Exclude the pictures. Transcribe exactly, and only, the lines from the one holding "Внаслідок удару відбулось" to the end of the material below.

*** Given data

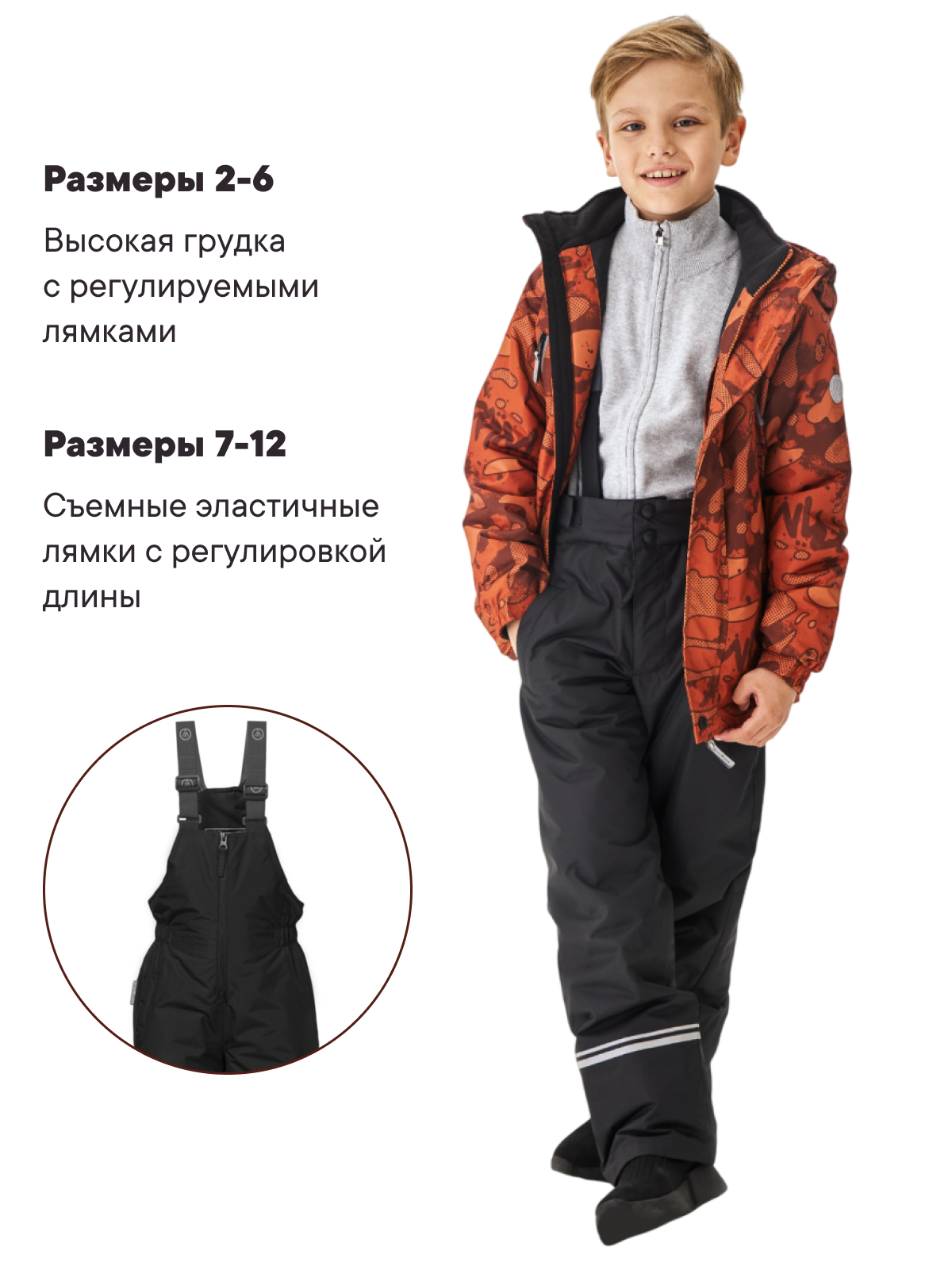 Теплый комплект отлично подойдет для прохладной весенней и осенней погоды, а также ранней зимы. Мембранная ткань защитит от дождя и ветра, имеет грязеотталкивающий эффект. Стильный дизайн поможет выделиться в толпе, как малышу, так и мальчику подростку.
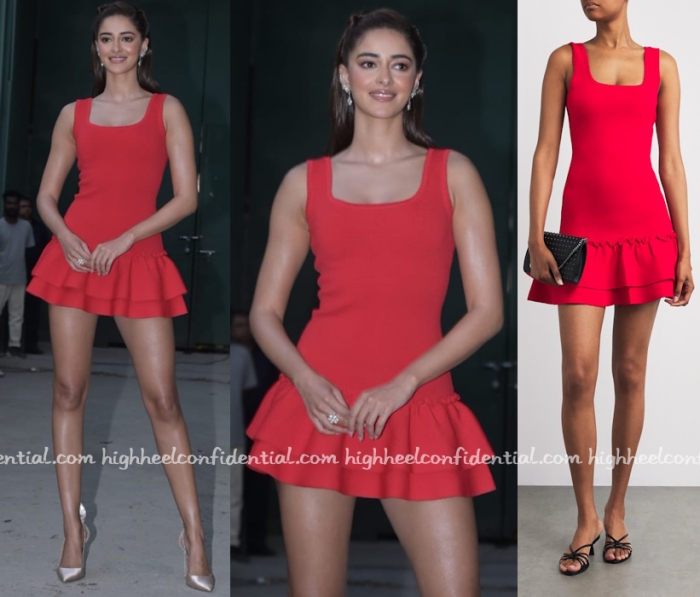 Ananya kicked off promotions for her movie wearing a red Sandro dress with sky-high satin pumps. The girl’s got great stems but I didn’t think this pairing was working. The frock with those pumps just looked odd.
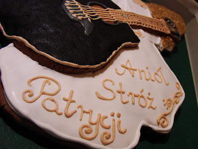 Anioł jest trójwymiarowy. Gitarę nakleiłam jeszcze przed upieczeniem. Dzięki temu dobrze przylega na całej swojej długości i nie jest narażona na złamanie podczas transportu.
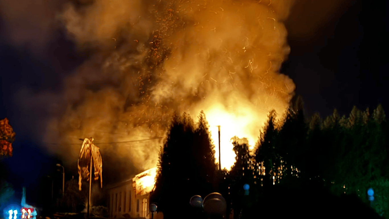 Внаслідок удару відбулось загоряння нежитлового будинку та пошкоджено прилеглі будинки.
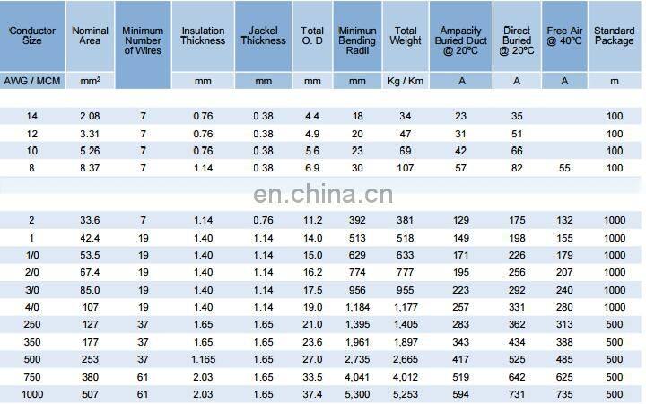 Jacket: Extruded black sunlight resistant, selfextinguishing, oils resistant PVC jacket with excellent mechanical properties Packaging: Non-returnable wooden drums

******

▸ Output:
 Внаслідок удару відбулось загоряння нежитлового будинку та пошкоджено прилеглі будинки.
 Jacket: Extruded black sunlight resistant, selfextinguishing, oils resistant PVC jacket with excellent mechanical properties Packaging: Non-returnable wooden drums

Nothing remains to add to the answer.